## EXERCISE REQUIREMENTS
Take the line with "标题:新型冠状病毒感染的肺炎疫情防控工作进展情况汇报" and every line after it, through the end of the listing, and give them again exactly, pictures excluded.

## THE DATA
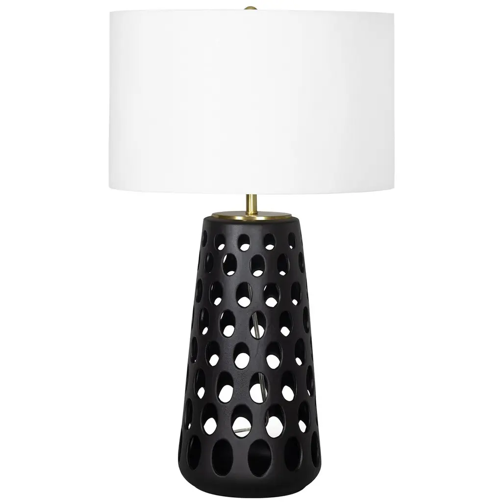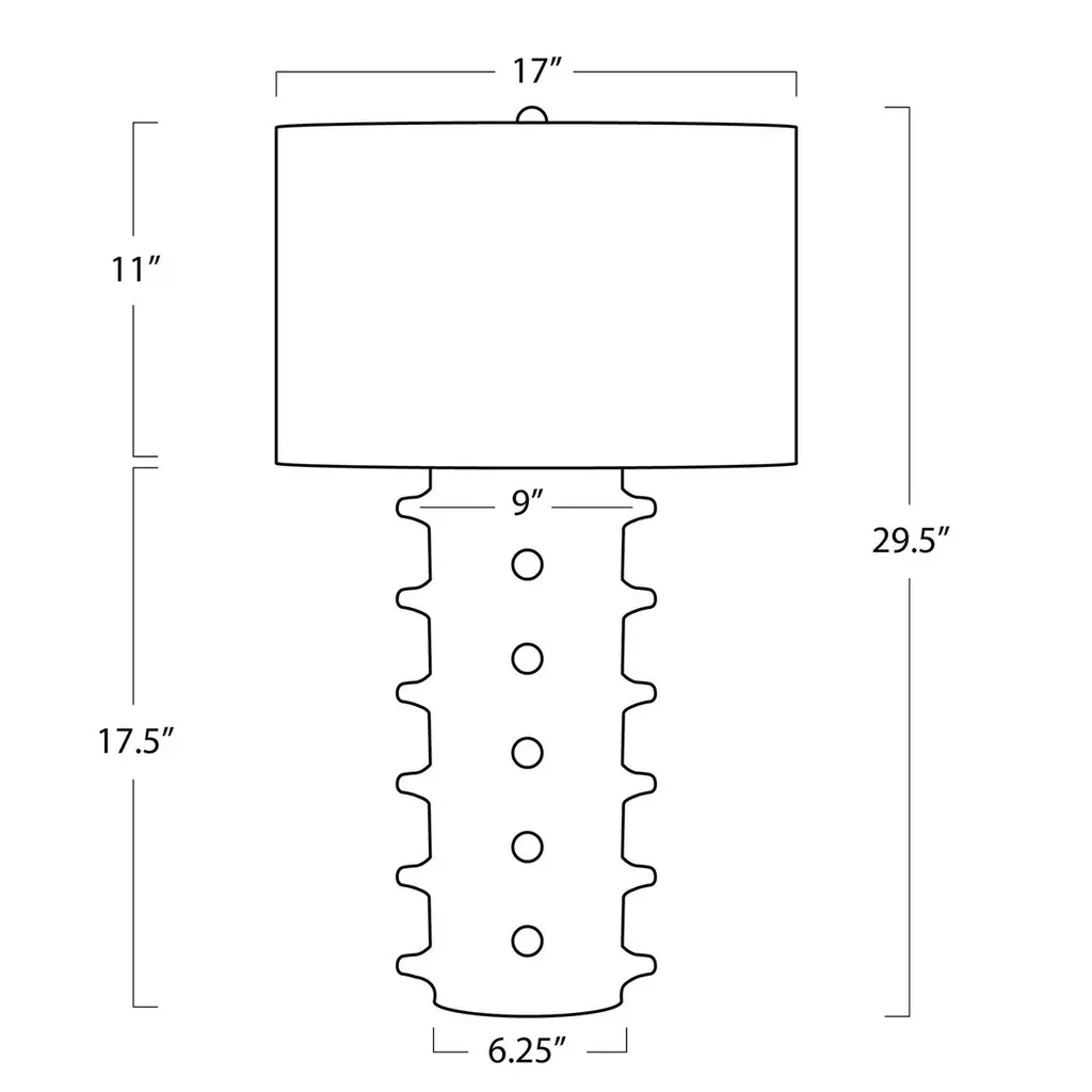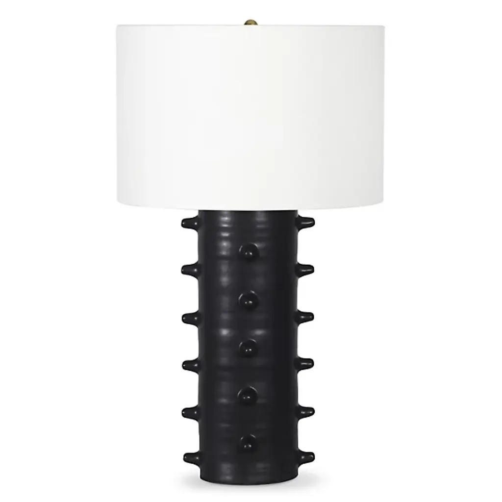 The Spruce Ceramic Table Lamp blends modern aesthetics and functional design. With a rock n' roll edge, the lamp is composed of a sleek base with distinctive protruding nodules, creating the effect of a piece of art. Perfect for bedside tables, home office or living room to add a unique touch.
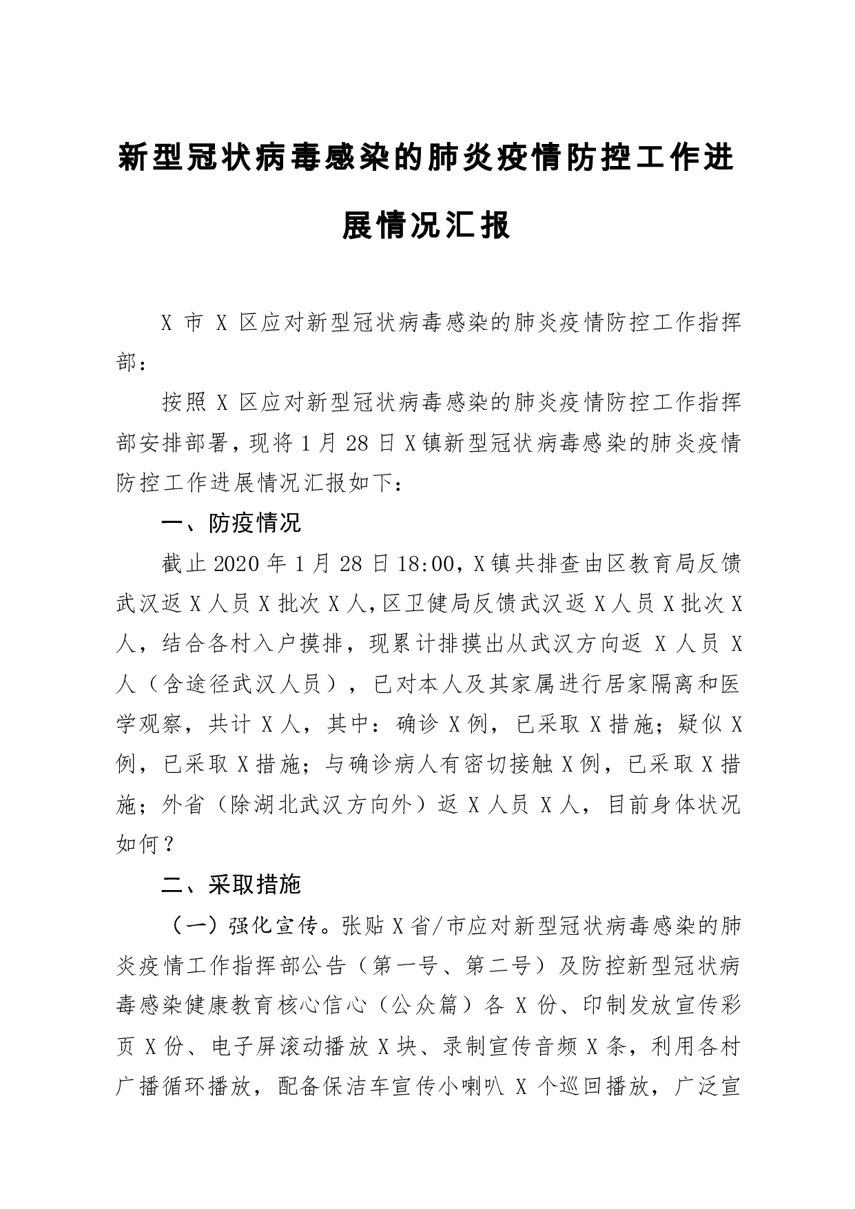 标题:新型冠状病毒感染的肺炎疫情防控工作进展情况汇报
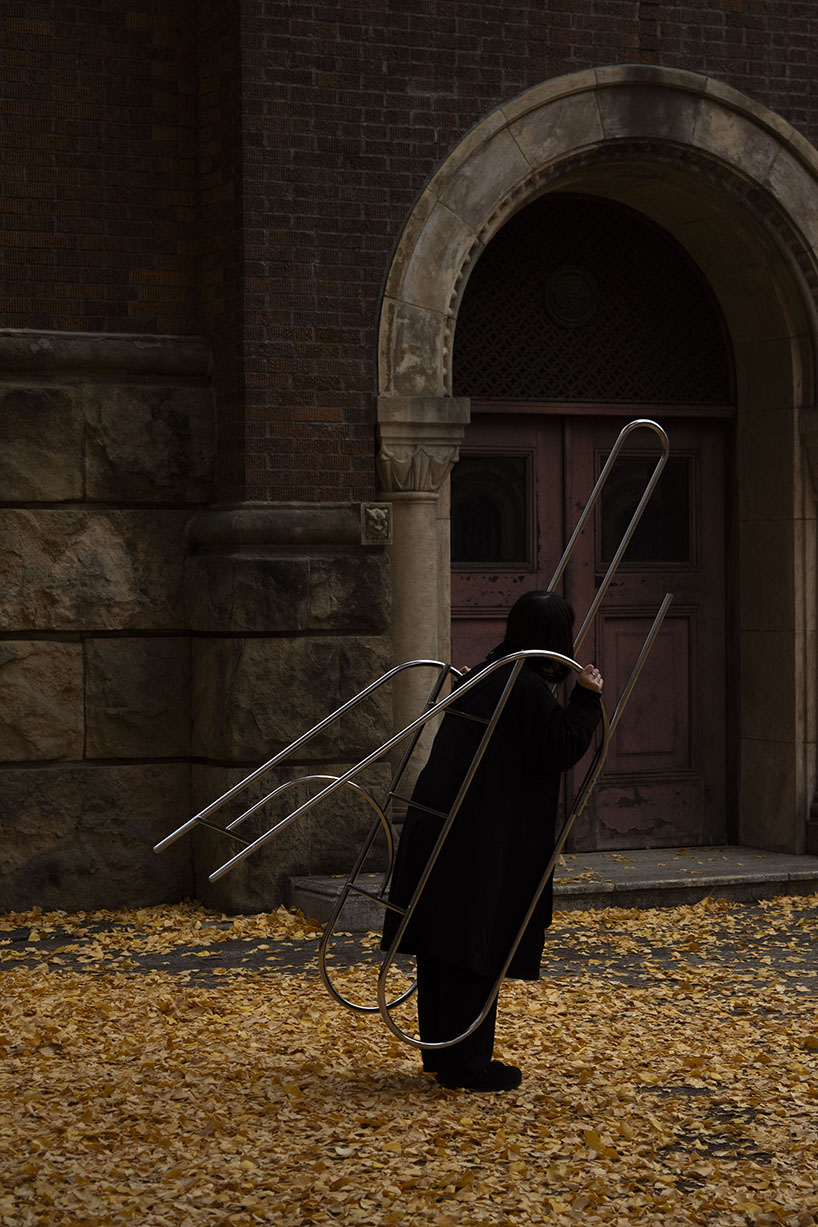 The ladder integrates the stability of conventional ladder construction with curved elements inspired by the forms of brass instruments. Polished stainless steel pipes define the structure, creating continuous lines that guide the eye along the frame. This approach positions the ladder as a functional object while introducing a visual language more commonly associated with musical instruments.

## EXPECTED ANSWER
 标题:新型冠状病毒感染的肺炎疫情防控工作进展情况汇报
 The ladder integrates the stability of conventional ladder construction with curved elements inspired by the forms of brass instruments. Polished stainless steel pipes define the structure, creating continuous lines that guide the eye along the frame. This approach positions the ladder as a functional object while introducing a visual language more commonly associated with musical instruments.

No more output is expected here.